Мне вспомнилось, как родные провожали меня на фронт. Это был сентябрь сорок первого года. За одну ночь, когда из военкомата в наш сельсовет пришёл документ о мобилизации всех военнообязанных, мать сшила мне походный мешок, в который положила все предметы первой необходимости. С ним я вместе с другими призывниками на лошадях доехал до Гуниба, где располагался призывной пункт. А потом на машинах нас отправили до Махачкалы, откуда и должен был отойти поезд с новобранцами.
Всех собрали недалеко от центральной площади города и распределили по подготовительным курсантским частям. Я должен был ехать в Грузию, в Телави.
Почти всё моё село было в тот день на перроне.
Махачкала кипела в каком-то непонятном котле энтузиазма, натиска и страдания. Почти вся молодёжь, кому ещё не исполнилось восемнадцати, отправилась в тот день на войну, записавшись добровольцами.

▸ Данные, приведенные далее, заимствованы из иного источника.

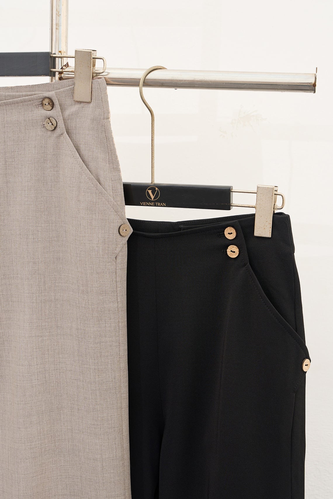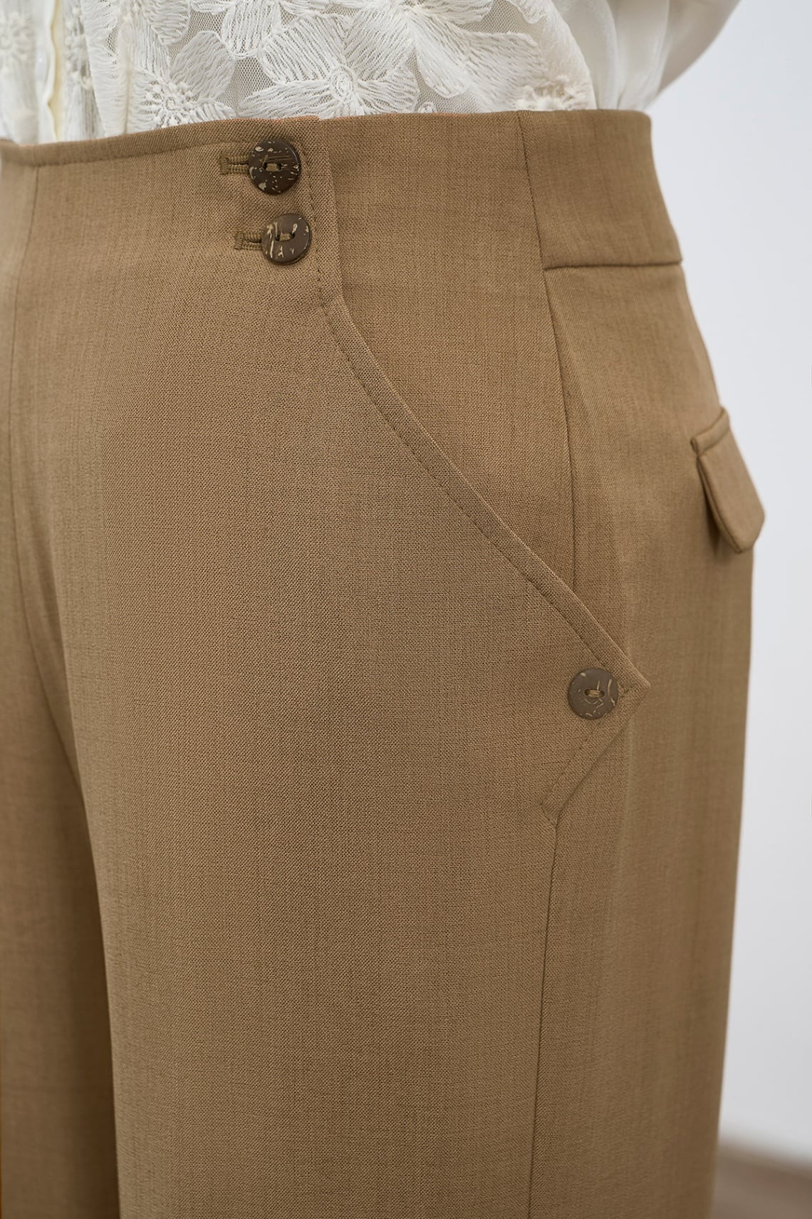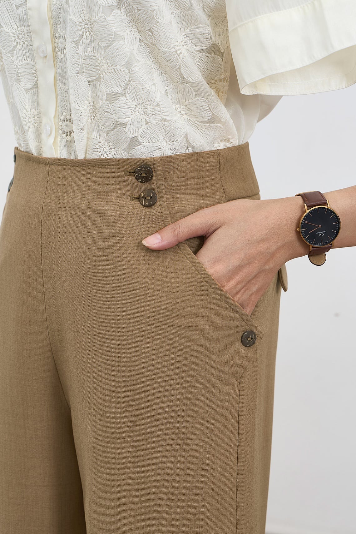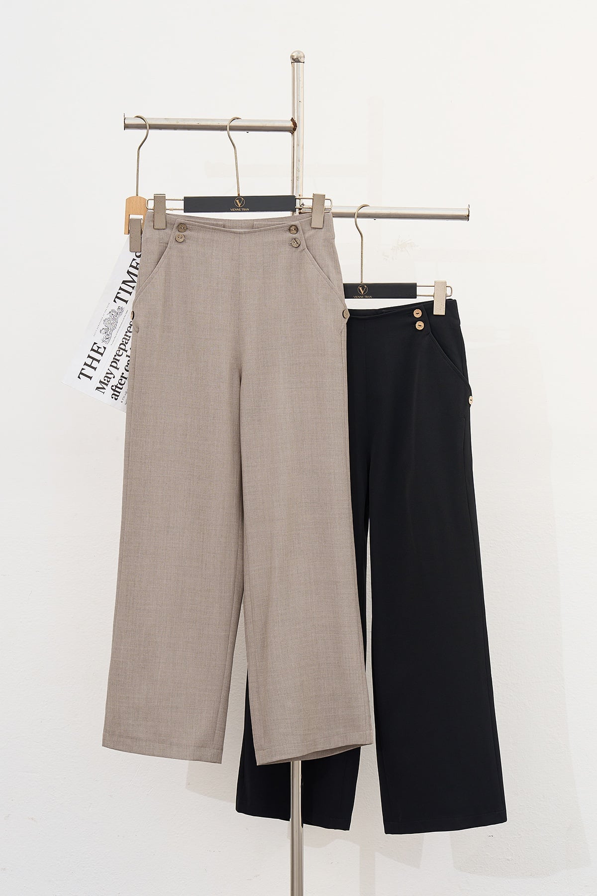 Quần ống rộng cạp đính khuy - V64W24Q001 KHUYẾN MÃI - ƯU ĐÃI

Меня провожали мать, сёстры и дядя Гаджи с женой. Они приехали в Махачкалу на колхозном грузовике вместе с другими родственниками. Женщины громко плакали и в молитвах взывали к небу. Весь городской вокзал был похож на одно большое горе. Старики напутствовали советом и велели по возможности односельчанам держаться всем вместе. «Пока рядом есть друг, ты сам не пропадёшь!» – говорили они. Но никто из собравшихся здесь в этот день и представить себе не мог всех тех ужасов, которые сулила им война.
Прощаясь со мной, мать положила свою ладонь мне на грудь, там, где под рубахой билось моё сердце, и сказала следующие слова:
– Сколько бы людей ни было на поле боя, умрёт лишь тот, кому суждено умереть. Смотри, не будь трусом, сынок.
Эти слова разломили пополам мое сердце. В этот момент мне стало так страшно, как не было страшно потом в бою и перед лицом любой опасности. Я не ожидал, что мать скажет мне так.
Глубокой ночью меня, валяющегося под церковной стеной, разбудил дождь. Это был уже настоящий, набравший полную силу ливень.
Вся земля была мокрой. Рядом со мной примостился ещё какой-то пленный. Он спал настолько крепко, что даже крупные капли дождя, колотившие его по распахнутой груди, не могли согнать с него сон. Это показалось мне странным.
Я поднял взгляд к небу и увидел руки. Много рук, и все разные, но преимущественно правые. Руки, худые и голые, костлявые, покрытые густым и мокрым волосяным покровом, изрезанные в кровь и грязные. Они высовывались из-за решётки узкого церковного окна в стене надо мной и жадно хватали ледяные капли дождя. Набрав в ладонь немного, всего-то несколько капель, рука исчезала, и уже через мгновение, ненасытная, она появлялась вновь. Мне было слышно, как пьют эту влагу. Люди лизали себе руки, как собаки, чтобы насытиться, но животная жажда всё равно беспощадно мучила их.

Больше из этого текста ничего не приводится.